The deal struck in April to cut an unprecedented 9.7 million bpd, reinforced by an extra 1 million bpd voluntary cut by Saudi Arabia and smaller amounts by the UAE and Kuwait, has been credited with pulling global oil markets back from the brink of collapse.

Brent crude, the global benchmark, jumped nearly 6 percent in European trading, to stand above $42 per barrel. Oil prices have more than doubled since “Black Monday” on April 20, when West Texas Intermediate (WTI), the American benchmark, fell briefly into negative territory largely because of trading technicalities.

WTI was trading at more than $39 on Friday, raising the possibility that some of the US production lost due to well shut-ins and corporate failures might come back onto the market.

Saudi Energy Minister Prince Abdul Aziz bin Salman was due to address the OPEC+ meeting in his capacity as co-chairman of the joint ministerial monitoring committee (JMMC).

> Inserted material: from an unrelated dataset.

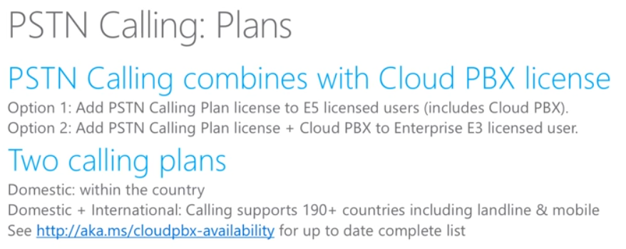 Users require a PSTN calling plan and there are two available in

“The conditions right now warrant hopefully successful meetings. Coordination is under way to hold OPEC and OPEC+ meetings tomorrow afternoon,” Prince Abdulaziz bin Salman was quoted as saying by Reuters.

According to an official, the prince was expected to stress the need for vigilant monitoring by OPEC+ of supply limits.

UAE Energy Minister Suhail Al-Mazrouei, urged producers to improve their compliance with agreed cuts.

“As a representative of the UAE, I find it disappointing and unacceptable that some of the largest producers with capacity like (Saudi Arabia) and Russia comply 100 percent or more while other major producers do less than 50 percent,” he wrote in the letter seen by Reuters.

Iraq and Nigeria have been regarded as the biggest laggards on compliance in the OPEC+ partnership, both arguing that their financial needs required them to sell as much oil as possible. Last week Nigeria indicated its willingness to adhere to the limits.

Wrangling with Iraq continued into Friday until a breakthrough was finally reached, and Baghdad promised to abide by the terms of the original deal and stick to compliance agreements.

Monthly meetings of OPEC’s JMMC will take place until the end of the year to monitor compliance levels among OPEC+ countries, and to assess the overall state of the market.

There has been no decision as yet on whether Saudi Arabia and other Gulf countries will continue the extra 1 million bpd cuts, which could expire at the end of this month.

Oil-market sentiment was also lifted by a surprise fall in American unemployment, taken as a sign that the US economy could recover more strongly than expected.

Global oil exporters have come under intense pressure this year as the pandemic stifles the beginning of a recovery in energy investment that had started to materialize.

At the start of the year, global energy investment was expected to rise 2 percent in 2020, its biggest growth in six years, the International Energy Agency (IEA) had predicted. Instead, the Paris-based organization now expects global investment in energy to plunge by 20 percent this year — the equivalent of $400 billion.